You absolutely could do market based dating where people can bid how much a date with the other would be worth and you match everyone every few days based on the highest sum of bids, collecting the difference.
So if A wants to date B and bids 60 and B will pay 40 to date A the match will cost A 20 plus fees.
This would cut to the chase amazingly fast, which isn’t what people want.
or, and hear me out, we could actually not make dating into a finacialized instrument?
Sorry but I have quite a viscerally bad reaction to such a proposal. Sure it could work in some sense of finding value price pairs or whatever where people's preferences aren't clear.
But it also seems extremely dystopian and horrifying, particularly applied to the dating market. It would be similar with finding friends. People do this naturally and normally on their own for free no problem if you put them in a big room together. It neeeds no incentive
"or, and hear me out, we could actually not make dating into a finacialized instrument?"

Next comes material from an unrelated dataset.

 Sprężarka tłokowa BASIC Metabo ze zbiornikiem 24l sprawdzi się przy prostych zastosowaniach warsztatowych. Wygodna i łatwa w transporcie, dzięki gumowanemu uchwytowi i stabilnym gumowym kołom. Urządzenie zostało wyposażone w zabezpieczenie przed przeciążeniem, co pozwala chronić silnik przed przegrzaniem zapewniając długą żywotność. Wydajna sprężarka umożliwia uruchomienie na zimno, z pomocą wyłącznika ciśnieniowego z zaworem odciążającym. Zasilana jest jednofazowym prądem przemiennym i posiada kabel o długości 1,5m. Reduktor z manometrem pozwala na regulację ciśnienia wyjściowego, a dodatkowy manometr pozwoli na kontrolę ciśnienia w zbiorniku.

I dunno. I kinda look forward to the news stories about the Economic Collapse of 2035 being due to the market finally realizing that too many supposedly AAA Date-Backed Securities were actually Non-Investment Grade Junk Dates, and the subsequent revaluation of the Date Market caused the entire banking system to become insolvent because all the dates they were holding on their books as marked to maturity are in fact never going to be anything but immature, and consequently must be marked down to their actual market value of Zero.

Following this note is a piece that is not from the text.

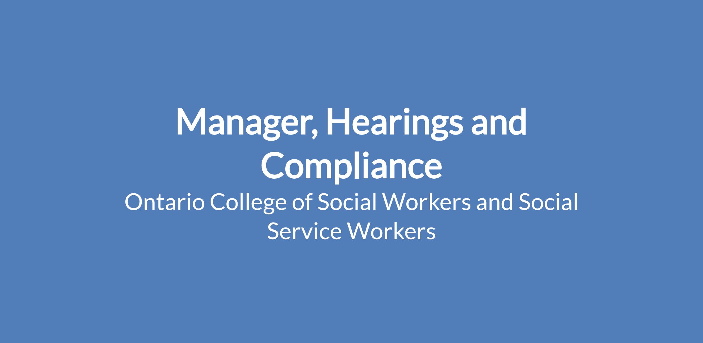 If you require Code-protected accommodation at any time during the recruitment process or if you are unable to apply to this position due to a requirement, email us at accessibility@ocswssw.org with subject line “Manager, Hearings and Compliance” or call 877-828-9380 x207.

I mean, it's a pretty realistic economic threat. Who doesn't have a story of something they anticipated being a AAA Rated Date turning out to have junk date status? Definitely a lot of mismatched incentives all the way around.
> This would cut to the chase amazingly fast, which isn’t what people want.
I think you just reinvented sex work, but somehow made it more icky?
The main and big problem with this if anyone would consider it for dating for real, which probably they wouldn’t so no big worry, is what is in the price? So A just paid 20 dollars for the pleasure of having a date with B. What did A buy? Does B have to stay at the date for a set time? Is B obligued to listen enthusiastically to A? Does B have to laugh at A’s jokes? Even if they are lame? And then of course what happens when A thinks they paid for sex and B thinks not?
Yeah. I think the problem is with an underlying assumption in GP's post: that because dating as a system sometimes behaves game-theoretically it is therefore equivalent to a system of economic transactions.
I think that is only sometimes true, usually in situations where relationships are mainly economic decisions. As prosperity increases and pay/power differences between genders shrink, it is becoming less frequently true, and less true on a per-relationship basis, over time.
> I think you just reinvented sex work, but somehow made it more icky?
Or possibly expensive engagement/wedding rings in non-jewellery form.
On a separate point, some of my socialist (and in a few cases literally communist) friends assert that the issues at the intersection of sex work with consent also apply to all other work under capitalism; I don't have a strong counter-argument to this.
Money is fundamentally unnatural, so it's not surprising that it feels wrong and icky in a lot of situations.
So if A wants to date B and bids 60 and B will pay 40 to date A the match will cost A 20 plus fees.
This would cut to the chase amazingly fast, which isn’t what people want.